Raspberry Pi has announced the Raspberry Pi AI HAT+ 2, an add on board for Raspberry Pi 5 that is designed to run generative artificial intelligence workloads entirely on device. The new HAT addresses a key limitation of the original AI HAT+, which excelled at vision tasks such as object detection, pose estimation, and scene segmentation but could not run generative artificial intelligence models. By keeping all processing on the Raspberry Pi and removing the need for network connectivity, the AI HAT+ 2 continues the focus on privacy, security, and cost efficiency by avoiding cloud based artificial intelligence services.
The Raspberry Pi AI HAT+ 2 is built around the Hailo-10H neural network accelerator and delivers 40 TOPS (INT4) of inferencing performance, so that generative artificial intelligence workloads can run smoothly on Raspberry Pi 5. The board includes 8GB of dedicated on board RAM, which enables the accelerator to handle much larger models than before and allows the Hailo-10H to accelerate large language models, vision language models, and other generative artificial intelligence applications. For vision based workloads such as Yolo object recognition, pose estimation, and scene segmentation, its computer vision performance is broadly equivalent to the earlier 26 TOPS AI HAT+, helped by the added memory and reuse of the existing camera software stack, including libcamera, rpicam apps, and Picamera2. Users already working with the previous HAT will find that most software integration is seamless, although different model files compiled for the H10 NPU are required.
At launch, several large language models are available to install, including DeepSeek-R1-Distill 1.5 billion, Llama3.2 1 billion, Qwen2.5-Coder 1.5 billion, Qwen2.5-Instruct 1.5 billion, and Qwen2 1.5 billion, with more and larger models planned soon after release. Example applications use the hailo-ollama large language model backend from Hailo’s Developer Zone together with the Open WebUI frontend to provide a browser based chat interface, all running locally on a Raspberry Pi AI HAT+ 2 attached to a Raspberry Pi 5. Demonstrations include Qwen2 for question answering, Qwen2.5-Coder for programming tasks, Qwen2 for simple French to English translation, and a vision language model for describing live camera scenes. The article notes that cloud based large language models from OpenAI, Meta, and Anthropic range from 500 billion to 2 trillion parameters, while the edge focused models sized to fit in the AI HAT+ 2 on board RAM typically run at 1-7 billion parameters and are intended to operate within constrained datasets rather than match the full knowledge of large cloud models.
To address these limits, Raspberry Pi highlights fine tuning as a way to adapt models to specific tasks.

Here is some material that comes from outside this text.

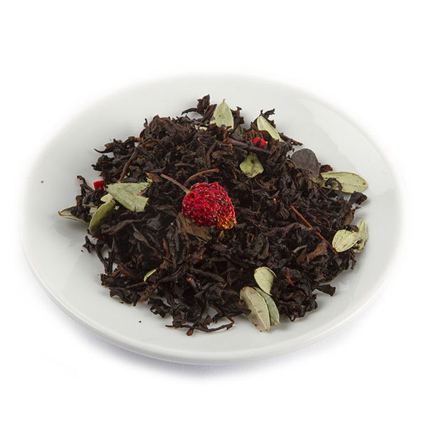 - Cостав: Бленд крупнолистового черного индийского чая, ягод спелой клубники, листьев брусники, сахарных сердечек.

As with the original AI HAT+, users can retrain visual models such as Yolo using image datasets that match their applications, using the Hailo Dataflow Compiler. The AI HAT+ 2 also supports Low-Rank Adaptation based fine tuning for language models, so users can create adapters for task specific customization while keeping most base model parameters frozen and then run those adapted models on the HAT. The Raspberry Pi AI HAT+ 2 is available now at $130, and Raspberry Pi directs users to its AI HAT guide for setup instructions. Hailo’s GitHub repository and Developer Zone provide examples, demos, and frameworks for vision and generative artificial intelligence applications, including vision language models, voice assistants, speech recognition, as well as documentation, tutorials, and downloads for the Dataflow Compiler and the hailo-ollama server.